# RECORDED DATA
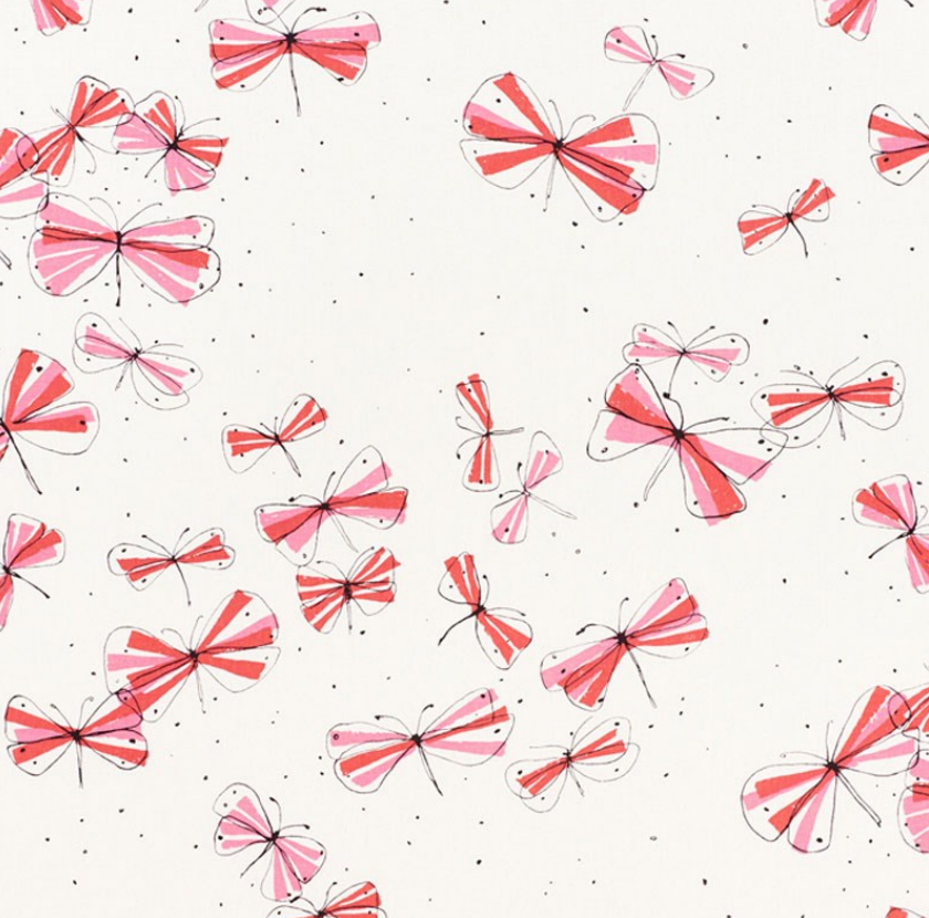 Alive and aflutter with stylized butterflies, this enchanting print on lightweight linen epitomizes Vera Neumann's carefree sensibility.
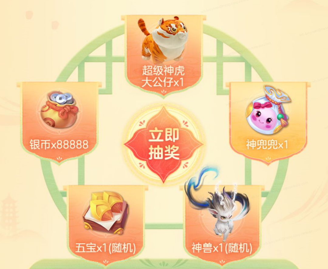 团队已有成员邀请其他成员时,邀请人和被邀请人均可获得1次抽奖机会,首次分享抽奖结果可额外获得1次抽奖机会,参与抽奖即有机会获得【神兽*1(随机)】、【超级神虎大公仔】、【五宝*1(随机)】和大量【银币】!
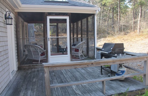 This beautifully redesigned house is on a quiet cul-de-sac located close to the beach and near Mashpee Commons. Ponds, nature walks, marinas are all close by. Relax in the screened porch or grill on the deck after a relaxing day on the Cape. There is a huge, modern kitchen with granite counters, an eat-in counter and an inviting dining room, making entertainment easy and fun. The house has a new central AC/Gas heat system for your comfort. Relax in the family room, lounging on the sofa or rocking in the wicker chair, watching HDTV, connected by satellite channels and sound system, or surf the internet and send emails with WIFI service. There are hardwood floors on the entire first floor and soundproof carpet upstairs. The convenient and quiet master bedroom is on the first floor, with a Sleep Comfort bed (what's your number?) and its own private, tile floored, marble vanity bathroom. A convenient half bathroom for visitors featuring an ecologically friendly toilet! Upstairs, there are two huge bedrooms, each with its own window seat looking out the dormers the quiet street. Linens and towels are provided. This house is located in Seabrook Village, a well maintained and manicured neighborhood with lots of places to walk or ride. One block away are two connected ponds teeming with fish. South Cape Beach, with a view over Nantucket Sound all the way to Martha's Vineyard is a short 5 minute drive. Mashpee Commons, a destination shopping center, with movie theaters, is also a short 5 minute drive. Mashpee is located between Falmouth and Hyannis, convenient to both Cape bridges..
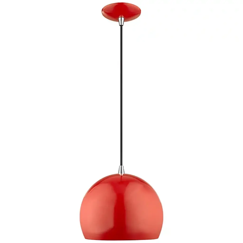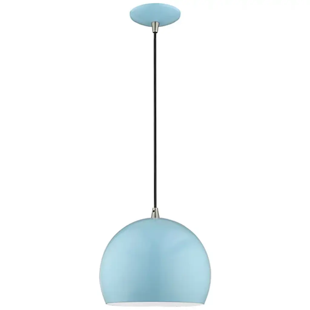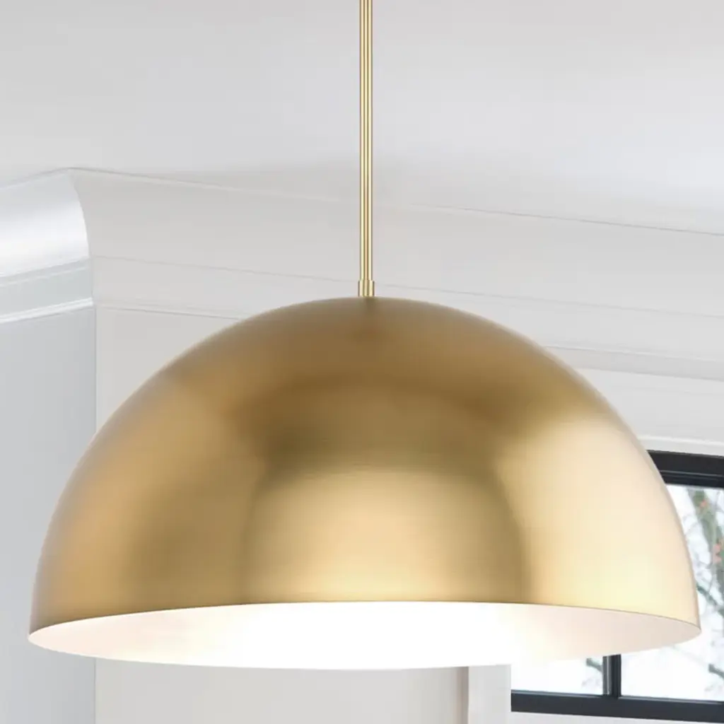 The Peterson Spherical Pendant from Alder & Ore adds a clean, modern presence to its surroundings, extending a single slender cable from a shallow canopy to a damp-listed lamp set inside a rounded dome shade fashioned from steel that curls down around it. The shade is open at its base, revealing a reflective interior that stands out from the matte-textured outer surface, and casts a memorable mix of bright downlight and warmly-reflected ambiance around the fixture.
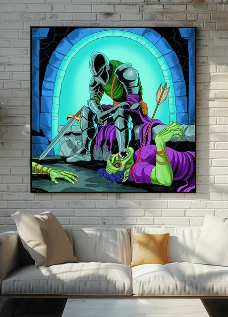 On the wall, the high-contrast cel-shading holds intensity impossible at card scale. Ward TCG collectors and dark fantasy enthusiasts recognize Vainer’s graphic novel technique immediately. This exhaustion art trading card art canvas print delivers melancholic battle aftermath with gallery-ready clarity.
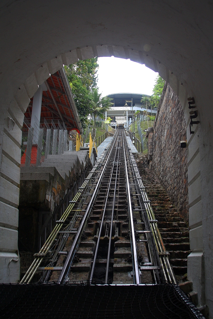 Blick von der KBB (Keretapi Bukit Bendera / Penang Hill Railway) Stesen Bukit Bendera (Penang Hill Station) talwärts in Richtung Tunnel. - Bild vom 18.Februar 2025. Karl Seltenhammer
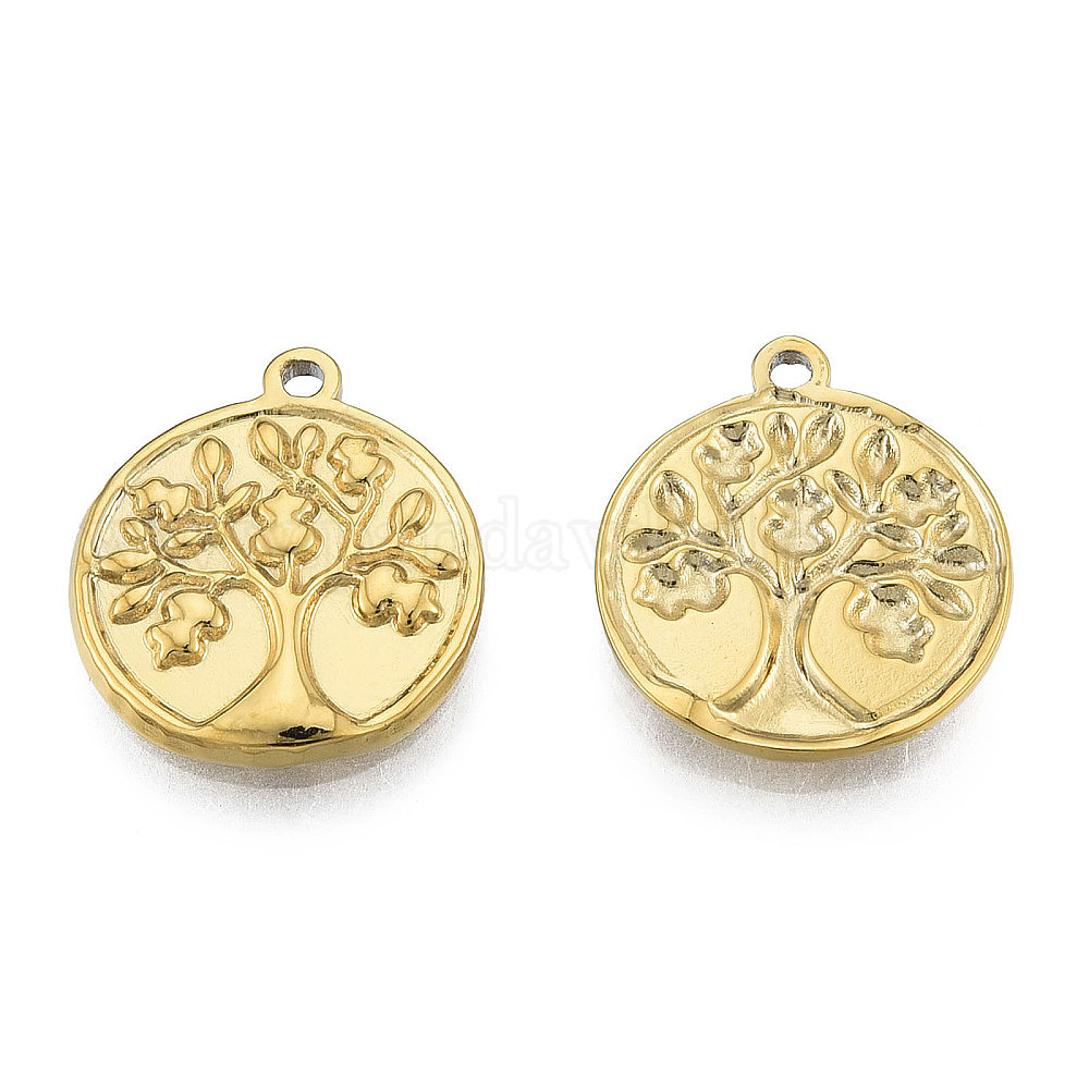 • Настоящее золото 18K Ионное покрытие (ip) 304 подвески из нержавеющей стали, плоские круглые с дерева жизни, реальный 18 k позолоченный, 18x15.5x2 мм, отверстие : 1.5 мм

---

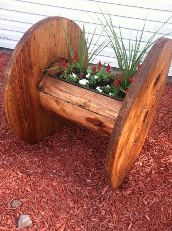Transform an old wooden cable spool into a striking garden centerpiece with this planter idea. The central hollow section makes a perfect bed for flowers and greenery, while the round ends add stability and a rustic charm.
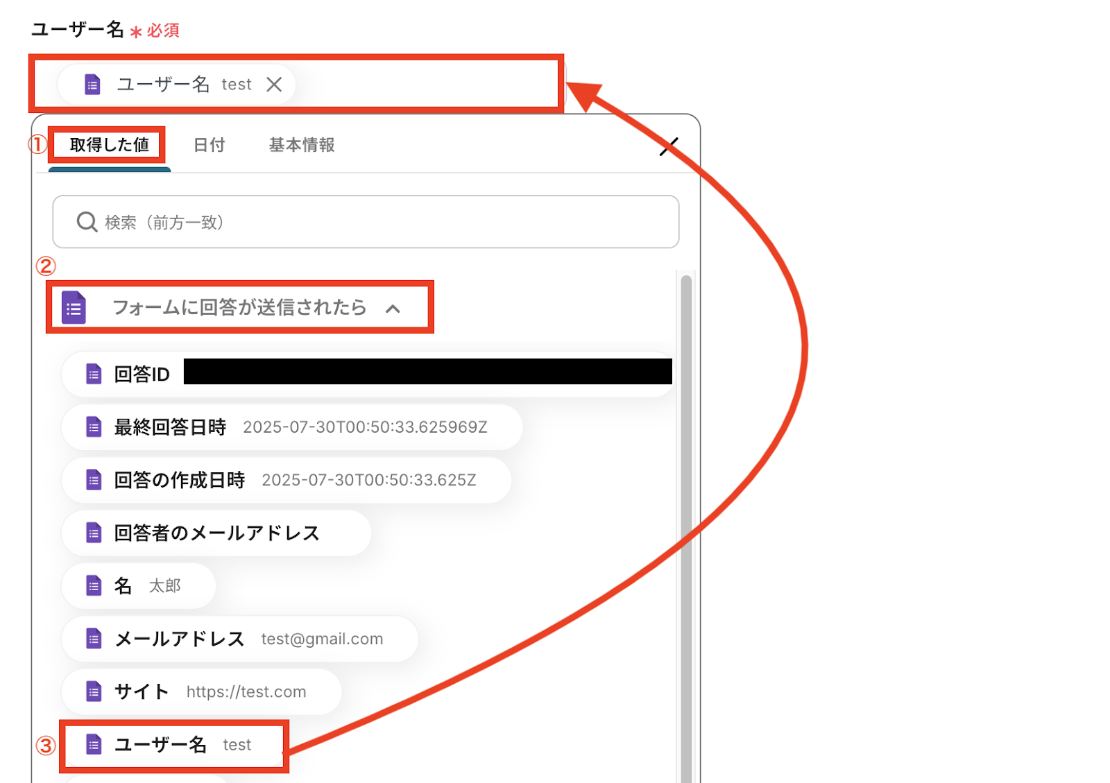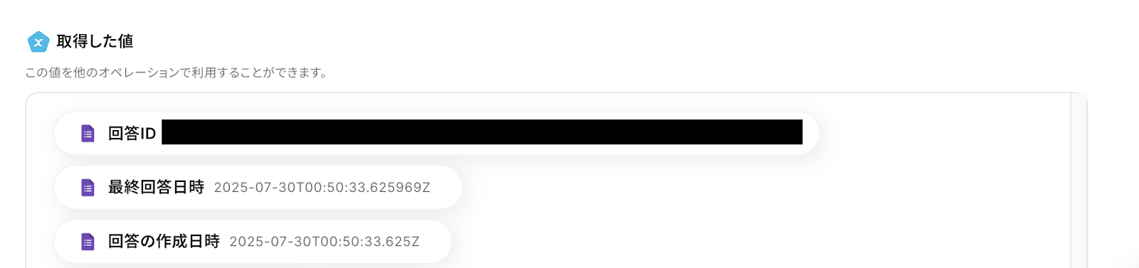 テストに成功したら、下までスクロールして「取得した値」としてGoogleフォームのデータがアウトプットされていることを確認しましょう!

# PROBLEM TO SOLVE
Repeat exactly the lines above, beginning at the one containing "Transform an old" and ending at the one containing "テストに成功したら、下までス". Do not carry over any pictures.

# TASK SOLUTION
Transform an old wooden cable spool into a striking garden centerpiece with this planter idea. The central hollow section makes a perfect bed for flowers and greenery, while the round ends add stability and a rustic charm.
 テストに成功したら、下までスクロールして「取得した値」としてGoogleフォームのデータがアウトプットされていることを確認しましょう!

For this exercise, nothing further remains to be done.